Joyce, though, was always a worker, always a grafter – an athlete with a lung capacity that could have made him a serious long-distance runner – and therefore someone a manager never had to question when it came to those fundamental matters of attitude and determination.
He was also, I recall clearly, a good, straight and friendly young pro to deal with. Up the professional chain you come across players who don’t want to bother with you, think themselves either above or suspicious of reporters or other such folk around the scene.
Joyce was, at the outset, totally welcoming and decent, generous with his time, saw you on the level. In terms of his game, he recognised, in the end, that his story would have to be written differently, and when he went to Accrington Stanley in 2009 it was with this in mind.
Six years later and Joyce had again shown the way to players in a congested sport. He found his opportunity, found the level, and made himself integral to it. He captained his League Two team and grew from a responsible young player to a setter of standards at a club which, over the years, has found little room indeed for bluffers.
Three years back at Carlisle followed, from 2015 to 2018, as Keith Curle rebuilt a flagging team and realised Joyce would be a useful cog. It did not in the end fulfil his promotion dream but United were more credible in that time and at their best were a streetwise and solid unit who should, all in all, have gone up.
The peak was the autumn of 2016 when Joyce and Mike Jones provided a midfield pairing as smart and industrious as Brunton Park had seen for some years. That period also brought Joyce’s best individual moment at Carlisle’s ground: a howitzer of a goal against Crawley Town which was out of keeping with his yeoman image.
It was a popular strike for many reasons because it saw Joyce briefly in the spotlight, instead of laying foundations for the more natural stars in that team, such as Nicky Adams, Charlie Wyke and Jabo Ibehre. More often than not it was Joyce making the pass instead of taking on the shot, covering the ground rather than producing something “with jam on it”, as Curle used to say.
And if not every Joyce game was glittering (and not even every Joyce goal was glittering, if you remember that magnificently bad one he scored at Newport County)…and if he sometimes had bad and ordinary games alongside the good, well, take anyone with 600+ to their name at Carlisle’s levels and show where it’s different.
A basis of quality and temperament was always there, whatever the ups, downs, possibilities and limitations, and it is no surprise that, these years later, with a successfully-established coaching business already to his name, someone like Joyce is deemed attractive for a club (Brentford) seeking a good eye, a good brain and a good work ethic for an important scouting role.
Like his old team-mate and friend Danny Grainger, against whose Workington Reds team he will retire next month, he had the future in mind even when the present seemed busy enough, and again this can be displayed to young folk in the sport who don’t think of tomorrow until it’s too late, who wrongly consider football a gift that will only keep on giving.

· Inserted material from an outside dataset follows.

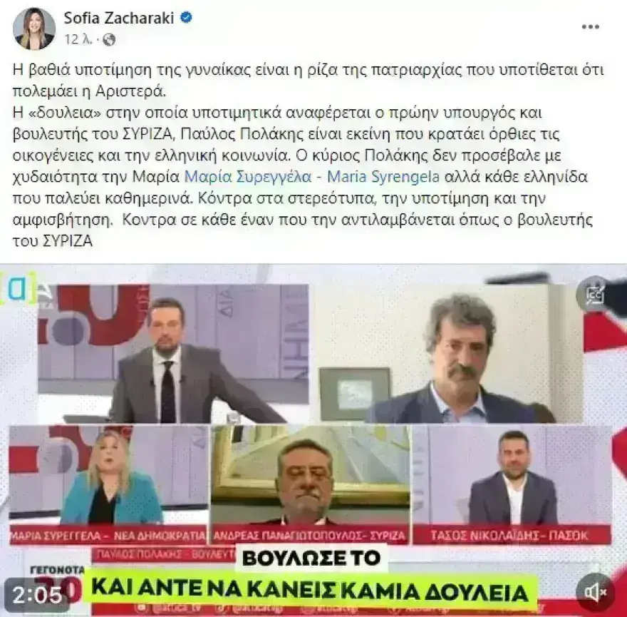 «Η βαθιά υποτίμηση της γυναίκας είναι η ρίζα της πατριαρχίας που υποτίθεται ότι πολεμάει η Αριστερά. Η «δουλεια» στην οποία υποτιμητικά αναφέρεται ο πρώην υπουργός και βουλευτής του ΣΥΡΙΖΑ, Παύλος Πολάκης είναι εκείνη που κρατάει όρθιες τις οικογένειες και την ελληνική κοινωνία. Ο κύριος Πολάκης δεν προσέβαλε με χυδαιότητα την Μαρία Μαρία Συρεγγέλα – Maria Syrengela αλλά κάθε ελληνίδα που παλεύει καθημερινά. Κόντρα στα στερεότυπα, την υποτίμηση και την αμφισβήτηση. Κοντρα σε κάθε έναν που την αντιλαμβάνεται όπως ο βουλευτής του ΣΥΡΙΖΑ»

We should not call people like Joyce old-school because what he stood for and stands for should be as modern as it’s traditional. Yet it’s easier to pretend to be a player these days, easy to offer things which social media will gobble up, so let’s put our hands up, as the song went, for someone who embodied durability, and the knowledge that it was what happened away from the spotlight that truly counted.
His tally, his record and the satisfied feeling when he puts his boots away next month…none of those things come by chance. That's the best message a player like Luke Joyce can possibly leave behind.